## YOUR INSTRUCTIONS
Can the lines below, from the one that holds "一人用サイズのお鍋4点、中古" to the very end, be echoed exactly, with both ends included and no pictures?

## RECORDS FOR PROCESSING
───
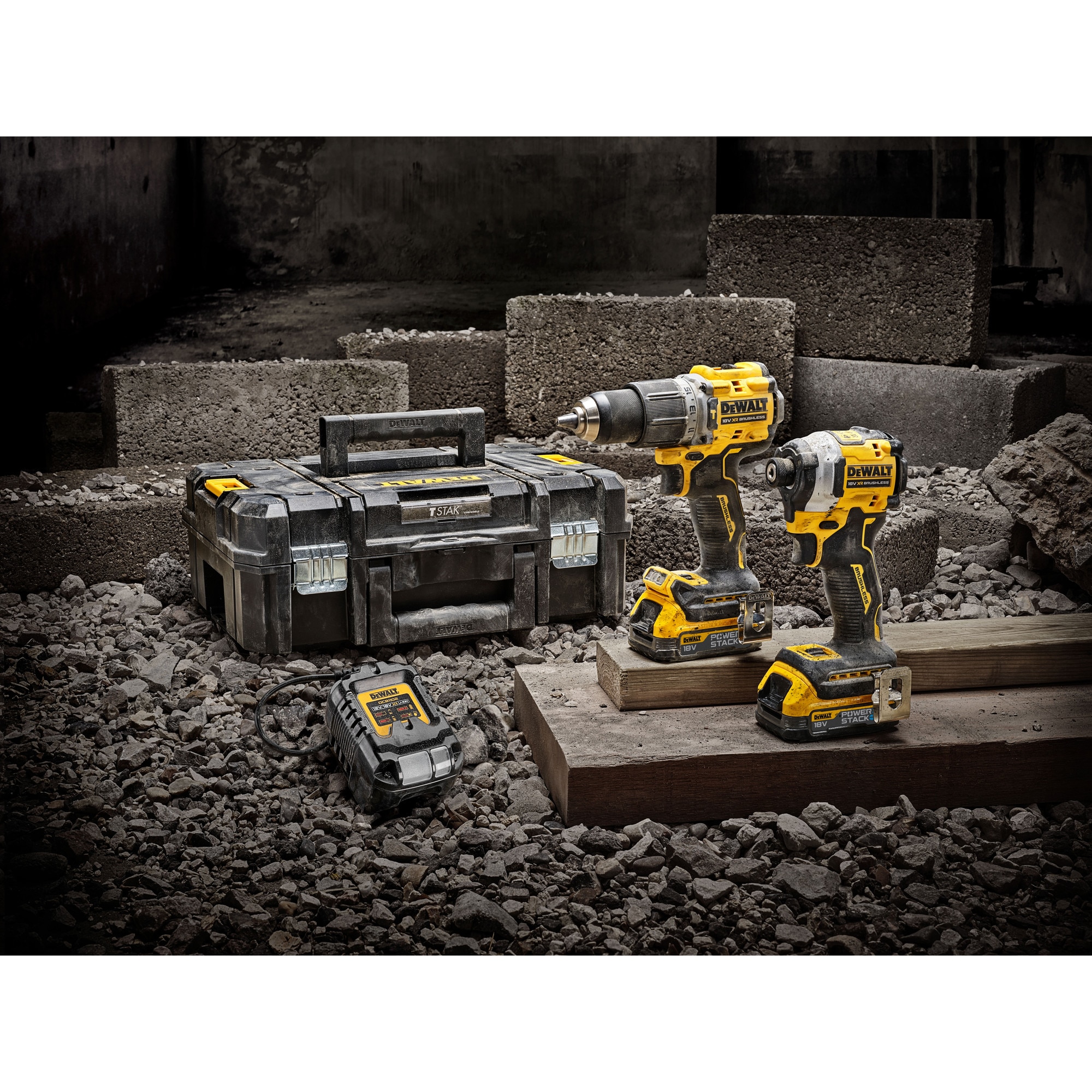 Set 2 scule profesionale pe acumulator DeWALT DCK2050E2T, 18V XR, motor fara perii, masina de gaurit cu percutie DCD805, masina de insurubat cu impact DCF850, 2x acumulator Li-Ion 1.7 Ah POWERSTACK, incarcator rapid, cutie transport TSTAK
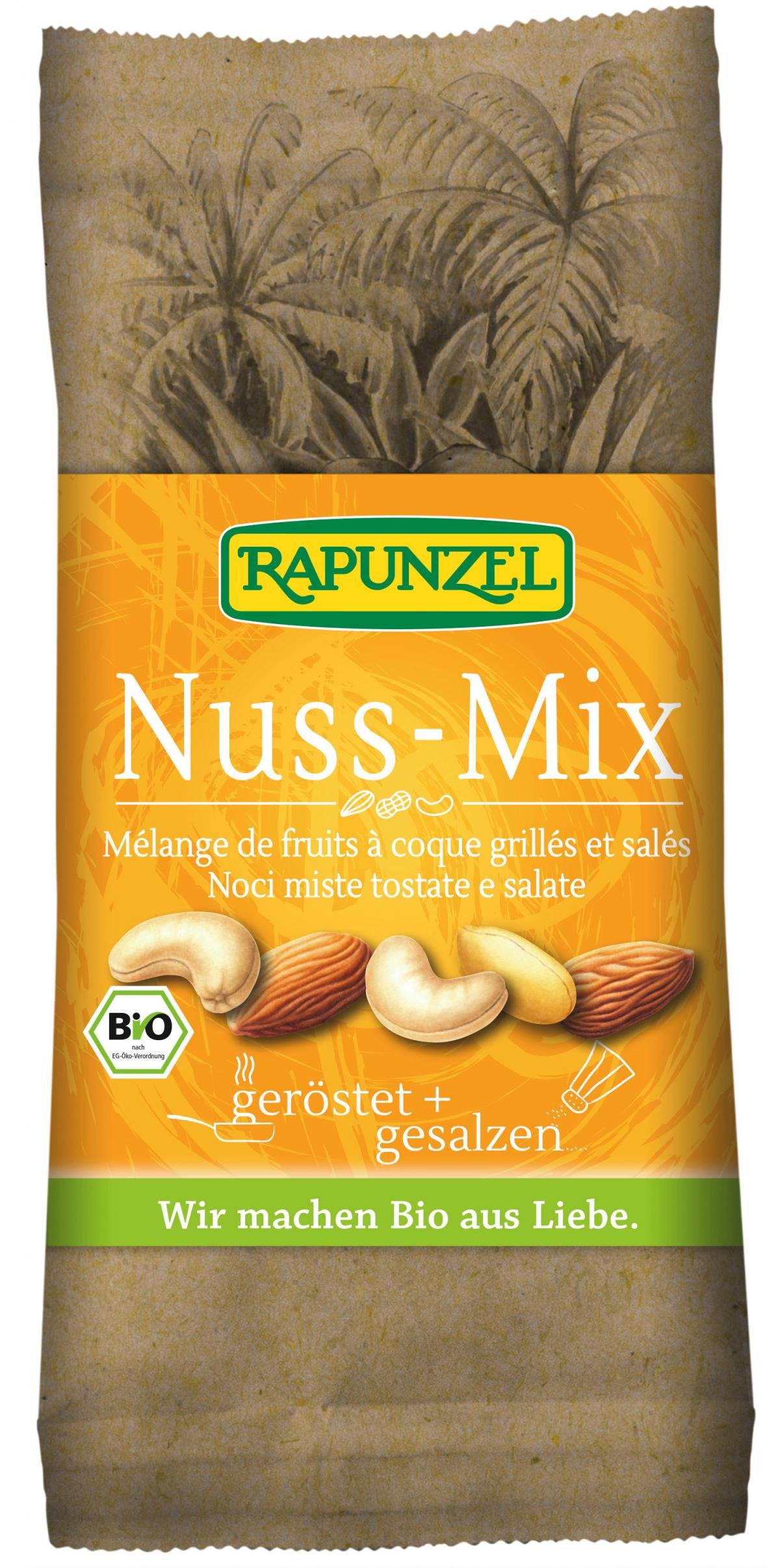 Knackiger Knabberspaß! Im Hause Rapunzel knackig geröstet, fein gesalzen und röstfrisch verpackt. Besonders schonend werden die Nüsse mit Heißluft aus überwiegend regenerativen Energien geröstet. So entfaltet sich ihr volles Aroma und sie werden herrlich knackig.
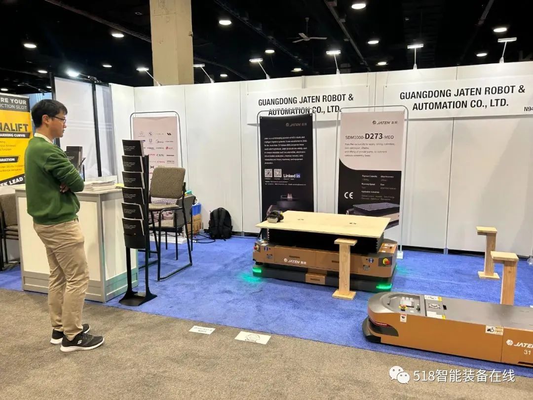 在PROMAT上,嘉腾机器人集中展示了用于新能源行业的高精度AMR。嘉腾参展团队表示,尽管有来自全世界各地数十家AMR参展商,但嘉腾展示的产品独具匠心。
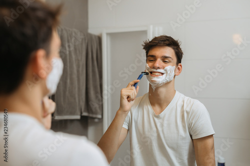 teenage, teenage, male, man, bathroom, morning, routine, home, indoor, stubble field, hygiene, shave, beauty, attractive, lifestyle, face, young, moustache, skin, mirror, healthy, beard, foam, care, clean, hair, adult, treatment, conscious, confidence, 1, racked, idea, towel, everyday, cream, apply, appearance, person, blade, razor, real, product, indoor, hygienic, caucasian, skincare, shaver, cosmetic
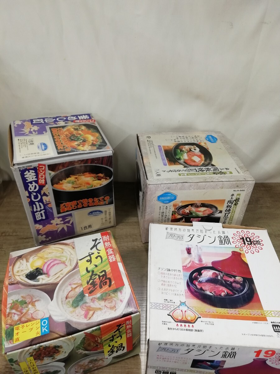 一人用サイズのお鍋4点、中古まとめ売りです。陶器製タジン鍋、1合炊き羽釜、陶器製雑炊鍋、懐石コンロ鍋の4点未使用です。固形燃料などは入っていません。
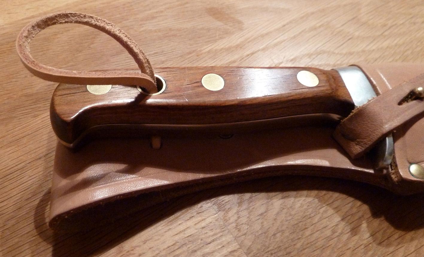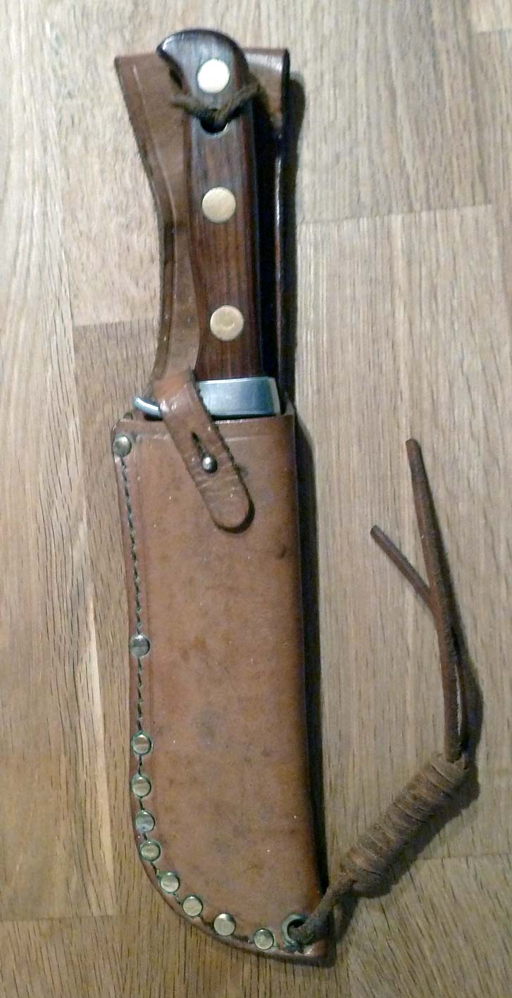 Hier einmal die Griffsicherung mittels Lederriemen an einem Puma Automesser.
───
## TASK ANSWER
 一人用サイズのお鍋4点、中古まとめ売りです。陶器製タジン鍋、1合炊き羽釜、陶器製雑炊鍋、懐石コンロ鍋の4点未使用です。固形燃料などは入っていません。
 Hier einmal die Griffsicherung mittels Lederriemen an einem Puma Automesser.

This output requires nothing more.